Monday, February 23, 2009 7:00 AM
Shareholder Advocates Want Political Disclosure
The Center for Political Accountability, a nonprofit, nonpartisan organization that advocates for transparency and accountability in corporate political spending, has sent a letter to 19 financial companies that received more than $1 billion under the Treasury Department's Troubled Asset Relief Program urging that they adopt political disclosure measures.
The letter ( CPA.pdf), signed by 23 shareholder advocates, including unions, religiously affilicated nonprofits, asset management firms, and others, calls on the companies to disclose on their websites all political spending including soft money contributions and payments to trade associations and other tax-exempt organizations that are used for political purposes. It also calls on the companies to require board oversight of their corporate political spending, and to adopt policies and procedures for approval and review of political spending.

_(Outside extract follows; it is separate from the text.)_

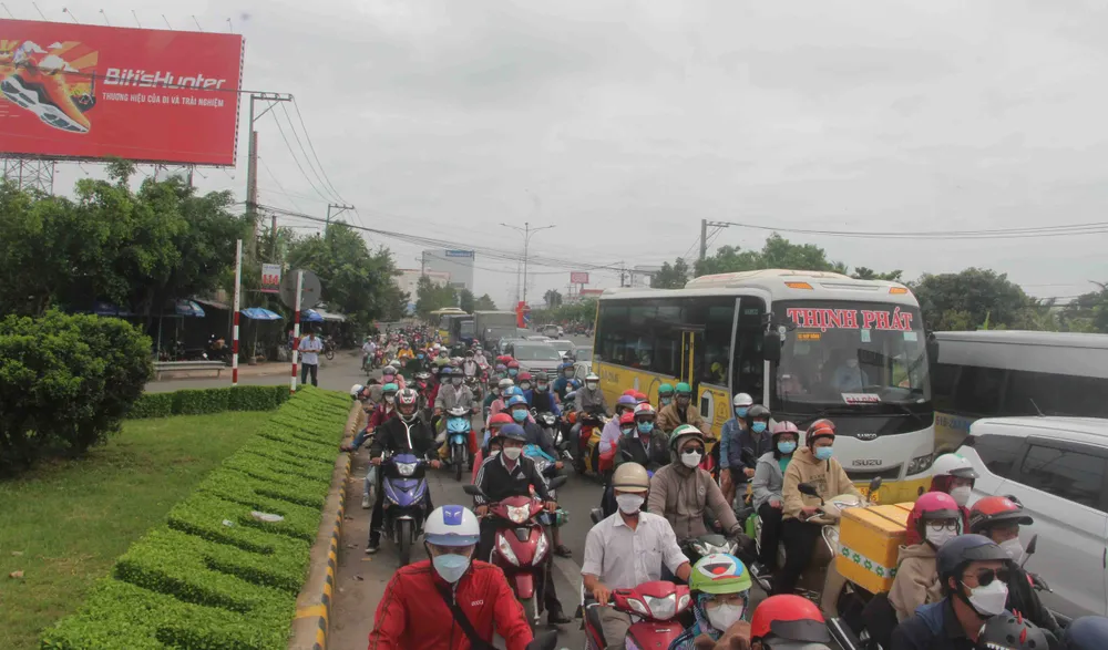 Khoảng 5 giờ 30 phút sáng 30-4, lưu lượng phương tiện tập trung nhiều từ hướng Tiền Giang đi Bến Tre dẫn đến tình trạng ùn tắc kéo dài trên Quốc lộ 60 qua khỏi khu vực siêu thị GO (TP Bến Tre, tỉnh Bến Tre).

The 19 companies receiving the letter are Bank of America, Citigroup, JPMorgan Chase, Wells Fargo, Goldman Sachs, PNC Financial Services, Regions Financial Corp, Fifth Third Bancorp, BB&T, Bank of New York Mellon, KeyCorp, CIT Group, Comerica, State Street, Marshall & Ilsley, Northern Trust, Zions Bancorporation, Huntington Bancshares and SunTrust Banks. Three other companies - Prudential Financial Services, American Express and Capital One -- have already agreed to full reporting and board oversight of their political spending with corporate funds, according to the CPA.
"As major political givers, banks should, as a matter of course, be open and above board in this spending," said CPA Executive Director Bruce F. Freed. "Unfortunately, many have been resistant to full disclosure. A safe and sound financial system must be based on that."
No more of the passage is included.